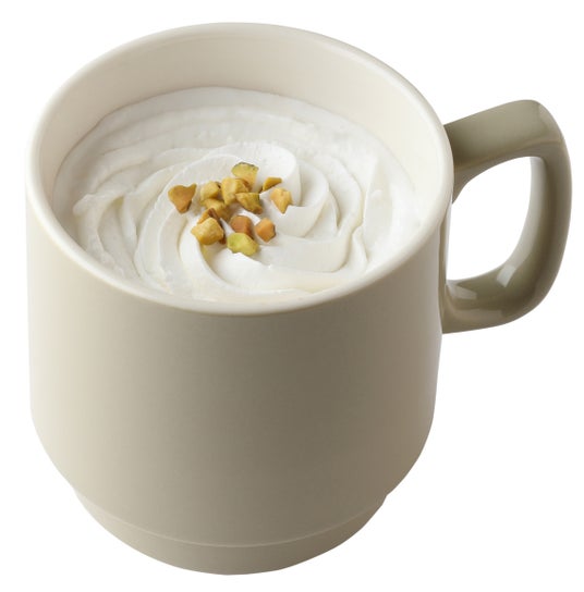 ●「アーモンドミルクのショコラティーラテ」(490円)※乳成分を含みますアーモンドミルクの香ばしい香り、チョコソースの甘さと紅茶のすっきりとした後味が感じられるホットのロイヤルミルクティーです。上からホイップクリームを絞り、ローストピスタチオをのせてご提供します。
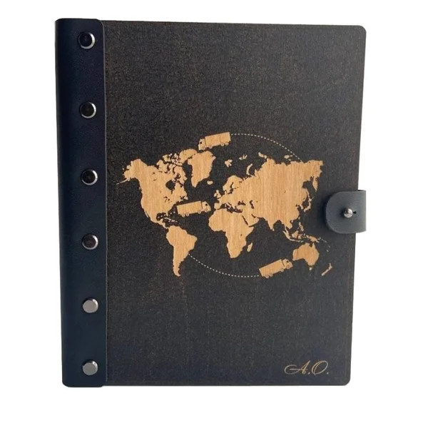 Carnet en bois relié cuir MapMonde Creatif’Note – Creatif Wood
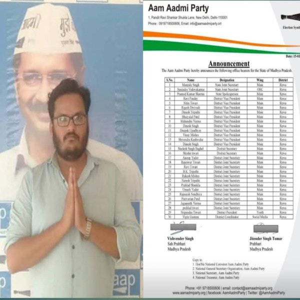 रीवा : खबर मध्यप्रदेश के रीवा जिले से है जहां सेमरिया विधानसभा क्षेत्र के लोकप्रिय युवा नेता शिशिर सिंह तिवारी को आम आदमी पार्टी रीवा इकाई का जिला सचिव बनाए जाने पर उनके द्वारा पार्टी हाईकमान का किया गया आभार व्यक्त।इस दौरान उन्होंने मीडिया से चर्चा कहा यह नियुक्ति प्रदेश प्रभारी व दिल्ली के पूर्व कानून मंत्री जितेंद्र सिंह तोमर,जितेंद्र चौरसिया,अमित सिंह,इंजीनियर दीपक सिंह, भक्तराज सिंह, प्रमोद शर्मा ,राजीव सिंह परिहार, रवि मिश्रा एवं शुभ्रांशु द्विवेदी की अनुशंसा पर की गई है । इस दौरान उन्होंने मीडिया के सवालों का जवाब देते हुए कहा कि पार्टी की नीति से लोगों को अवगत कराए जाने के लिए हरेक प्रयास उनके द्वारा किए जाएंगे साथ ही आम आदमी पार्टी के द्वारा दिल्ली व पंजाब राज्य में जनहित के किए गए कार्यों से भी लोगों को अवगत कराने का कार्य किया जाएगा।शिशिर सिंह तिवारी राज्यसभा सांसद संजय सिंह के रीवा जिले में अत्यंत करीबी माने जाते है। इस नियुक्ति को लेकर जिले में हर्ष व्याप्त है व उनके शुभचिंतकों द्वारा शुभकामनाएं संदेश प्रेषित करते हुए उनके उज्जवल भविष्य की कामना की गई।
+++
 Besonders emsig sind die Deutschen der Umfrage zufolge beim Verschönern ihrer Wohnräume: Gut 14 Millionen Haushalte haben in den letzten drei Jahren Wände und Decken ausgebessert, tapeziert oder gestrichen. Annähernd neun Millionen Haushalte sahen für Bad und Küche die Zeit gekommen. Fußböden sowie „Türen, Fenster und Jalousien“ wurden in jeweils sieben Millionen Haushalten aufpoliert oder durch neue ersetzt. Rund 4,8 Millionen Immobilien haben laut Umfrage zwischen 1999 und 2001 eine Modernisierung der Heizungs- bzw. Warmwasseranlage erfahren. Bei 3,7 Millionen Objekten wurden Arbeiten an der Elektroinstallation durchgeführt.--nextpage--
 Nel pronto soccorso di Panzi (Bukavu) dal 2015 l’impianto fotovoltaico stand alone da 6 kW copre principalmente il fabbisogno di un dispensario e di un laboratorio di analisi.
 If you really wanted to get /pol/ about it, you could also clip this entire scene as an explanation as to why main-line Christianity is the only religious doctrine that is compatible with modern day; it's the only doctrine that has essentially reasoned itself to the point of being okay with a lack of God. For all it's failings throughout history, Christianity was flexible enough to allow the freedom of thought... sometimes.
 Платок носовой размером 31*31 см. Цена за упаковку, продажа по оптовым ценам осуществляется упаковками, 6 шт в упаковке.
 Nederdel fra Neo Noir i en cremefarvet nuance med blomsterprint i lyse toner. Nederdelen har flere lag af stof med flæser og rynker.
+++
▸ **Work order**:
Looking at the data above, return every line from the one with "Nel pronto soccorso" down to the one with "Nederdel fra Neo", exactly and inclusively.

▸ **The answer**:
 Nel pronto soccorso di Panzi (Bukavu) dal 2015 l’impianto fotovoltaico stand alone da 6 kW copre principalmente il fabbisogno di un dispensario e di un laboratorio di analisi.
 If you really wanted to get /pol/ about it, you could also clip this entire scene as an explanation as to why main-line Christianity is the only religious doctrine that is compatible with modern day; it's the only doctrine that has essentially reasoned itself to the point of being okay with a lack of God. For all it's failings throughout history, Christianity was flexible enough to allow the freedom of thought... sometimes.
 Платок носовой размером 31*31 см. Цена за упаковку, продажа по оптовым ценам осуществляется упаковками, 6 шт в упаковке.
 Nederdel fra Neo Noir i en cremefarvet nuance med blomsterprint i lyse toner. Nederdelen har flere lag af stof med flæser og rynker.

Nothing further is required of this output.